Once upon a time in a land long ago, or Dorset when I was younger as I prefer to call it, my oldest friend bought an old schoolhouse. It wasn’t just any old schoolhouse, but Thomas Hardy’s sister’s one, in a tiny village near Sherbourne. I lived in London at the time, but I’d drive down fairly often for a taste of green fields and the things I’d never really left behind.
The Gleaners
She had a picture hanging up behind the kitchen door, under the stairs. I always wondered why it was there where nobody could see it, but my friend did things her way and it was after all her house and her picture. I thought so, anyway. I knew where it was any time I wanted to look at it.
I thought about it a lot over the years. It seemed to sum up something of the life I didn’t have, the one that thankfully most people don’t. The gleaners were looking for grains of corn or wheat, anything left over from the harvest. Because they were dirt poor. Life was not fun, nor easy. But hey, let’s talk about the pictures.
I discovered that there was another painting by Millett (presumably before he sold chepa camping gear) the year before, in 1857; The Angelus, one that always struck me as plaintive and sad, as if even while praying their crops would grow, this pair of peasant farmers lived with the knowledge that they might well not. This was real life for most people 150 years ago; it’s up to us if we chose this to be the way of things again.
The Angelus
I was thinking about both paintings a lot recently; namely how much I missed that house and how if I could find a copy of either of them I’d buy it, if the price was ok and if I could find either one, which didn’t look likely these days. Apart from anything, they’re pretty huge and in a style I haven’t seen anywhere for years.
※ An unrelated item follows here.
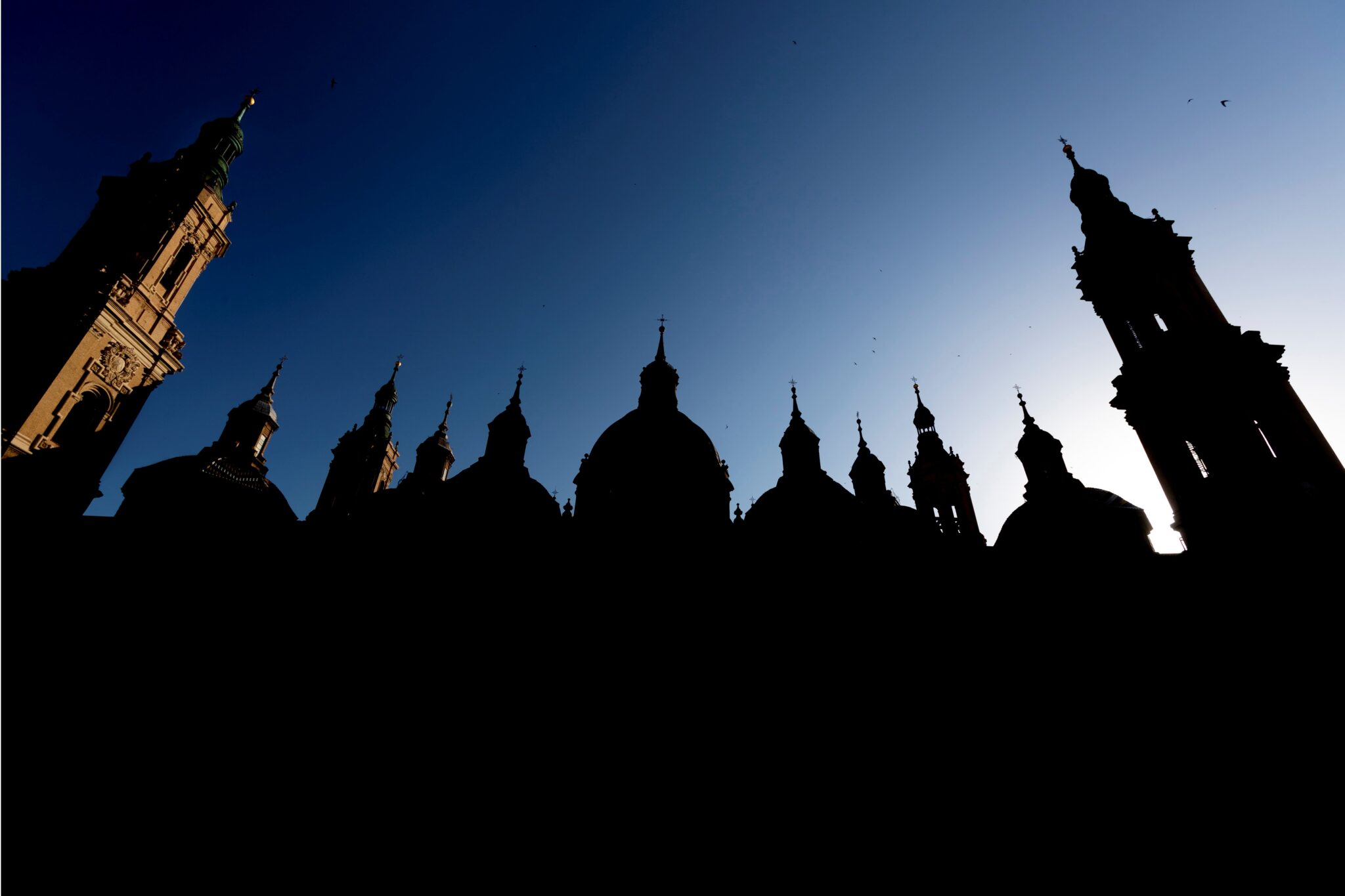 -FOTODELDÍA- ZARAGOZA 15/06/2021.- Vista de la catedral de El Pila a contraluz este martes en Zaragoza. La Agencia Estatal de Meteorología (Aemet) prevé para hoy, martes, chubascos y tormentas localmente fuertes y acompañadas de granizo en el interior del extremo norte de la península y en zonas próximas al sistema Ibérico, así como temperaturas significativamente altas en las depresiones de Aragón y de Cataluña. EFE/Javier Belver
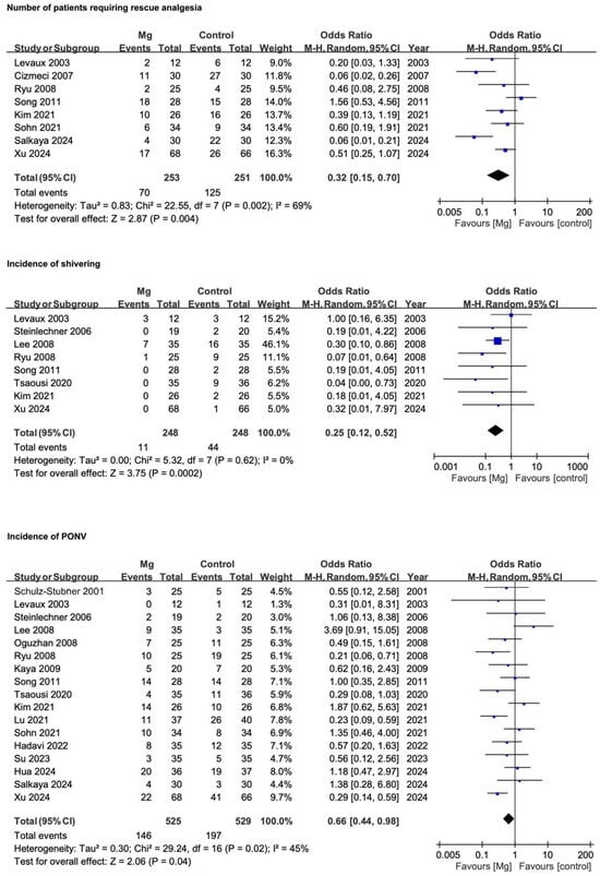 Seventeen RCTs provided numerical data on postoperative nausea and vomiting, while others reported insufficient or zero-event findings [24,29,30,31,37]. Overall, magnesium was associated with a significant reduction in PONV events (OR 0.66, 95% CI 0.44–0.98; p = 0.04; I2 = 45%).

And then I did at the local auction. I left a bid of £10 on them and much to my surprise it won. I collected themn and cleaned the frames and the glass and stripped off the binder twine used to hang them and the silver paper used to back them and hung them. I rang my friend, who was a bit bemused when I told her I had a copy of the picture she used to have under her stairs. I sent her a picture of both of them, just in case my memory had confused which one she’d actually had.
She rang me back. She liked them. They were the kind of things that if she’d seen them she’d have bought, if they were that kind of price. But she hadn’t. She’d never seen either one. She’d never owned either of them. She’d never had them in the house. They never hung under her stairs or anywhere else. Except in every visit to that house in my mind.
Memory isn’t always true. But then, truth isn’t always memory, either.